A Quick Look at Revised Article Nine; Seven and a Half Years in.
Although the Revised Article Nine drafters were severely and justifiably criticized for increasing the complexity and length of the statute and for destroying the work of art that was Grant Gilmore’s Magnus Opus, their product has so far been very successful in meeting the drafters’ goal of increasing certainty for business lenders and borrowers. Their lightning fast and complete ratification by the fifty state legislatures was nothing short of miraculous. Their decision to abandon the general principles of the original version of Article Nine and replace them with a host of specific rules backed up by comments and, if necessary, commentaries or even phone calls from the drafters has made the rules clearer to borrowers, lenders and particularly to judges. This system of rules will, however, require that as new or unanticipated types of transactions or issues arise the Code must be amended rather than expecting these unanticipated issues or transactions to be decided under the general principles of the Code. Let’s look briefly at two issues, the Code’s treatment of individual names and its effort to integrate agricultural statutory liens into Article Nine.
1. Names of Individuals
The primary area that has generated problematic litigation and non uniform legislative fixes involves loans to individuals. This is not an easy problem to solve and perhaps the drafters simply ran out of time and energy after they had spent years thinking and drafting to regulate larger commercial transactions, and then at the last minute debating and implementing (and according to one Reporter caving in to) the “consumer compromise.” Or perhaps they concluded that since underlying state law regarding legal names, on which the Article Nine system must operate was non uniform that they could do more harm than good by developing a specific approach. (Interestingly they made considerable progress with the treatment of perfection of security interests in motor vehicles, where Article Nine also rests upon non uniform state laws.) Or perhaps, since their primary focus was on large commercial transactions they felt that loans to individuals were not a weighty matter. The fact that they did not find a successful “fix” for this issue has led to litigation and commentary and has created uncertainty among those who lend to individuals and has resulted in incomplete and non uniform legislative statutes in at least two states.
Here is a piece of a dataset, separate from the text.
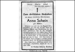 ∞ 26.7.1919 Johann Schein aus Niederberg; die letzten Jahre im St.-Josefs-Stift in Kuchenheim; Druck in Lechenich |
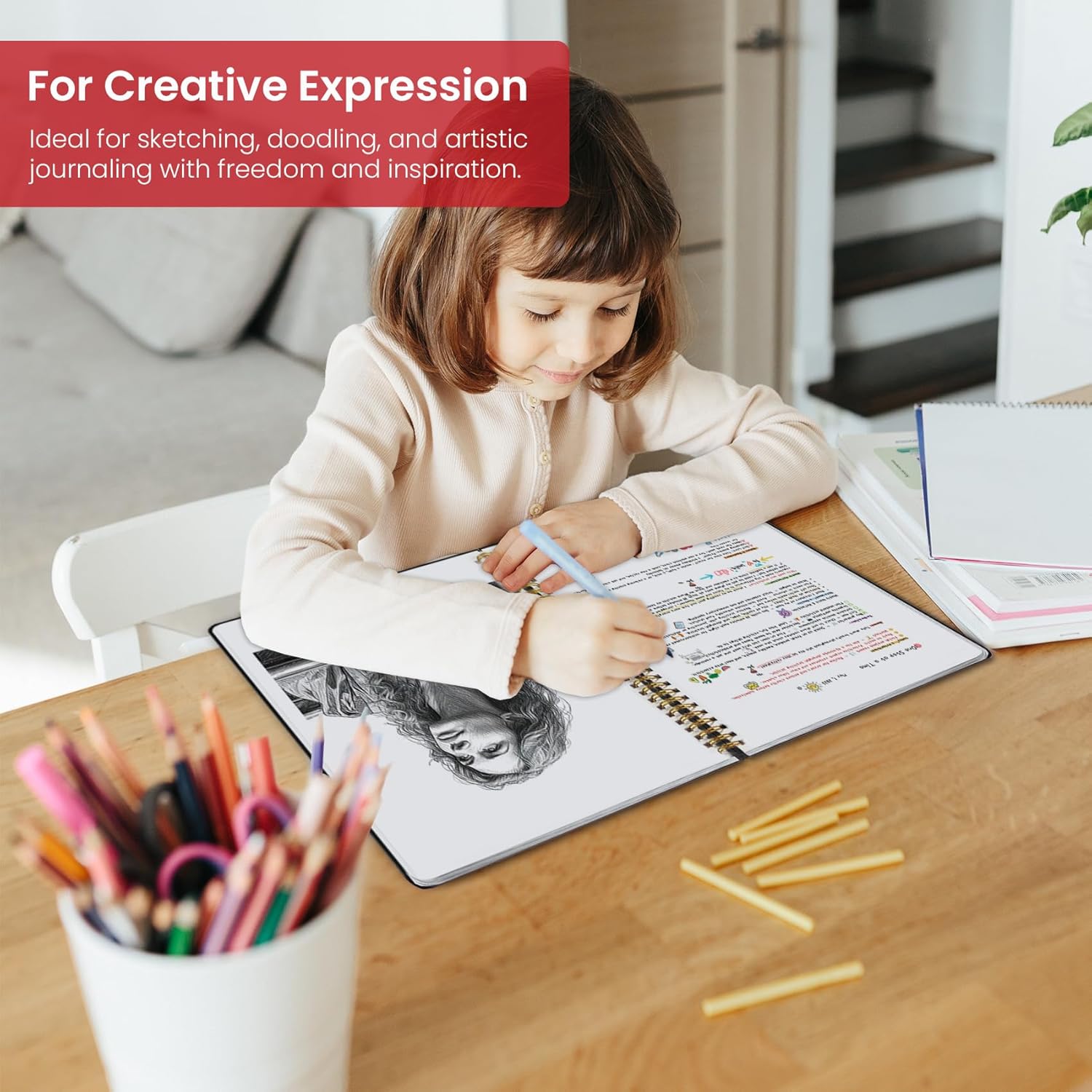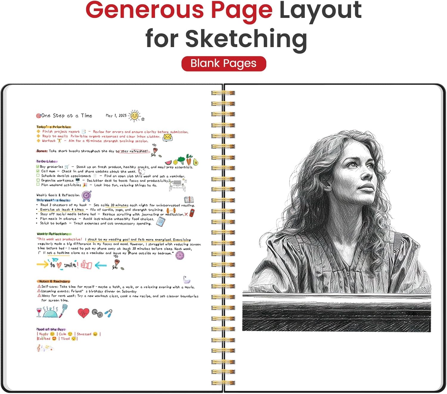 - Large A4 Blank Spiral Notebook: Measuring 8.5" x 11", this large A4 notebook provides blank pages for your creativity. With spacious unlined pages, it's perfect for sketching, brainstorming, planning, and journaling—whether at work, school, or in your home office.

The difficulty arises because it is hard to know the correct name to use for an individual; the problems occurs when the first secured creditor uses one name for the individual and a subsequent searcher or subsequent secured creditor uses a different name or, more particularly if a bankruptcy judge determines that a secured creditor did not use the correct name. So far, Texas and Tennessee have enacted non uniform legislation. The joint guardians of the Code, ALI and NCCUSL, are likely considering the question of whether to convene an official committee to address this issue. It will be interesting to see what they decide and to watch the progress of the committee if they decide to go forward.
2. Agricultural Liens
The orchestrators and leaders of the Article Nine drafting process began that effort with a courageous determination to improve the fit of agricultural and agribusiness lending within Article Nine. The plethora of cases that resulted from the ag depression of the 1980’s demonstrated that the fit was not a good one, and that there was considerable room for improvement. These leaders made sure to invite members of the American Bar Association Sub Committee on Agricultural and Agribusiness Credit into that process at every stage, from the organization of the Study Committee to the work of the Drafting Committee. The members of that ABA Committee worked with industry representatives to make sure that the final product reflected the best thinking of the secured lenders.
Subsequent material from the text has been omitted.